Что же такое он хотел ей сказать? Ведь неспроста этот сон привиделся ей сразу после смотра в хореографической студии. Может, то, что не нужно сдаваться? Или что посвятить себя балету можно даже тогда, когда сам ты танцевать не способен? Но как? Податься в костюмеры, в рабочие сцены, в журналисты отдела культуры какой-нибудь заштатной газетенки?

Автобус затормозил у нужной остановки, Таня соскочила со ступенек и пошла по улице, загребая сапогами остатки пористого мокрого снега. Смешно, конечно, было даже и мечтать. В самом деле, какая из нее балерина? Те, наверное, и по улице ходят, вытянувшись в струнку и изящно переступая ногами, а не плетутся, как она, – сгорбившись и шаркая сапогами. Жалкая, нелепая, почти хромоногая, никому не нужная…


В квартире у деда, как и всегда, пахло сухими травами и табачным дымом. В комнате было полутемно, лишь на письменном столе лежал круг света от настольной лампы. Сам дед в клетчатой рубашке и темных домашних брюках сидел у стола с неизменной папиросой в зубах и разгадывал кроссворд в журнале.

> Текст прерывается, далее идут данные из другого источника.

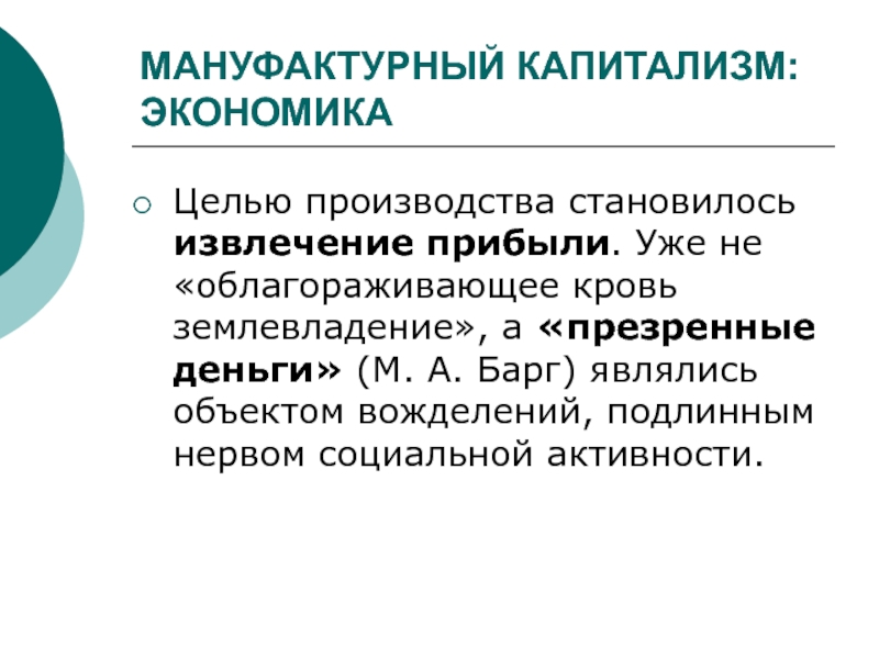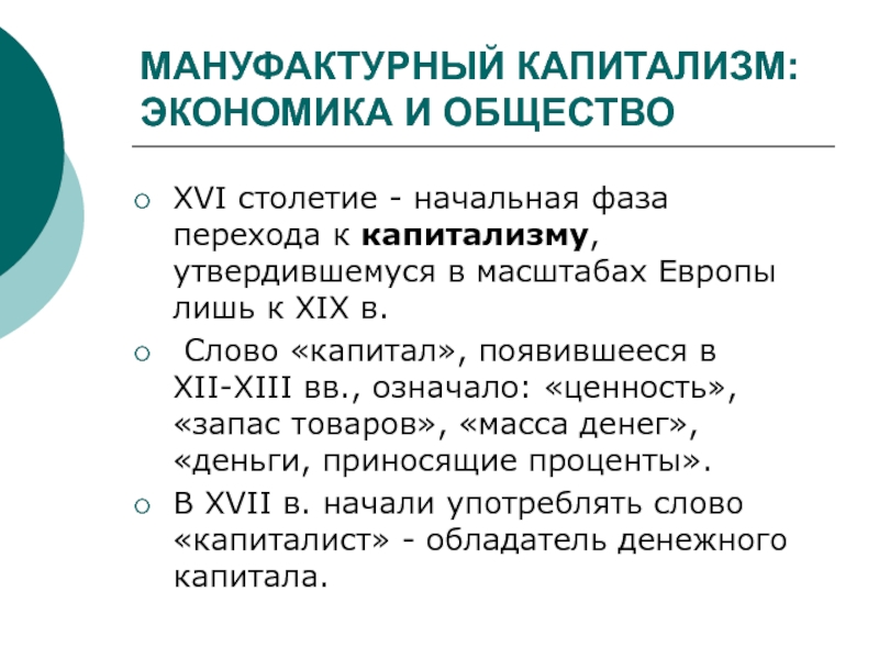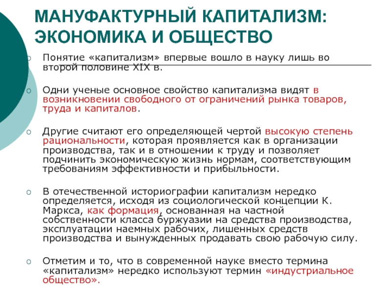 Слайд 24МАНУФАКТУРНЫЙ КАПИТАЛИЗМ: ЭКОНОМИКА И ОБЩЕСТВО

– Приехала, чегравка? – обернулся он на звук хлопнувшей двери.

– Угу, – буркнула Таня.

Чегравкой дед звал ее с самого детства. Она тогда спрашивала еще:

– Деда, а что это такое – чегравка?

А тот отвечал:

– Птичка такая, у нас в деревне весной гнездилась. Беленькая, красивая, как ты. Крылья у нее еще такие… Вот сейчас я тебе нарисую, – он принимался водить карандашом по странице, но рука после давней контузии слушалась плохо, дрожала, и из-под карандаша выходили только какие-то изломанные штрихи, а дед ругался: – Эх, старый я сапог! Никуда не годный!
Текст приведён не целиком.